It turns out that what's happening is that with
-faggressive-loop-optimizations turned on (as it is by default),
gcc decides that loops that iterate over the elements of an int2vector
can iterate at most once, because int2vector is declared with a fixed
size values[] array:

int16 values[1]; /* VARIABLE LENGTH ARRAY */
} int2vector; /* VARIABLE LENGTH STRUCT */

Now, gcc does know better than to make such an assumption
unconditionally, but what I discovered is that it *will* assume this if
the int2vector is declared as a non-last element of a larger struct,
so that (in gcc's little mind anyway) it couldn't possibly really be
a variable-length array.

In other words, the reason 9.2 and up don't break is commit
8137f2c32322c624e0431fac1621e8e9315202f9, which arranged to hide
non-fixed-offset catalog columns from the compiler. Without that,
gcc decides that for instance pg_index.indkey cannot have more than one
member. That breaks the loop in BuildIndexInfo() that copies the key
column numbers into an IndexInfo, leading to the observed failure.

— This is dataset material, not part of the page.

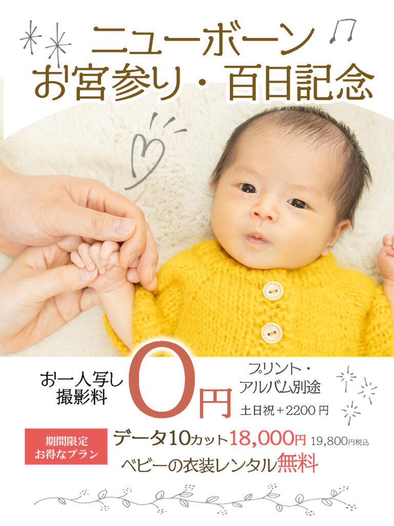 期間中の撮影限定で赤ちゃんの撮影料が無料に!
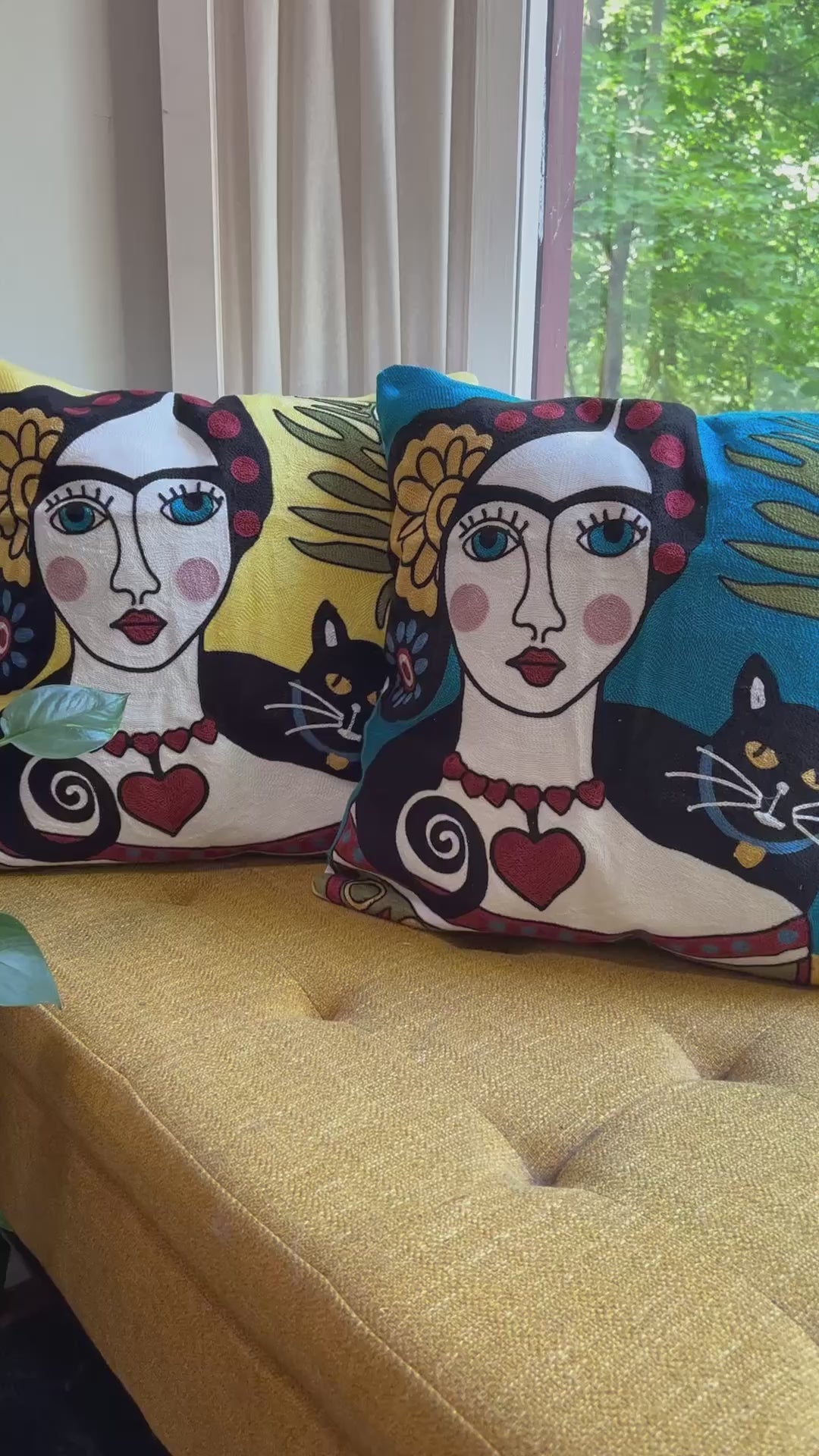 Gorgeous embroidered throw pillow Frida Kahlo art inspired design. Perfect for adding color and inspiration to your eclectic home!

Since gcc 4.8 is going to be on a lot of people's machines pretty soon,
I think we need to do something to prevent it from breaking 8.4.x and
9.0.x. It looks like our choices are (1) teach configure to enable
-fno-aggressive-loop-optimizations if the compiler recognizes it,
or (2) back-port commit 8137f2c32322c624e0431fac1621e8e9315202f9.

I'm a bit leaning towards (1), mainly because I'm not excited about
fighting a compiler arms race in the back branches.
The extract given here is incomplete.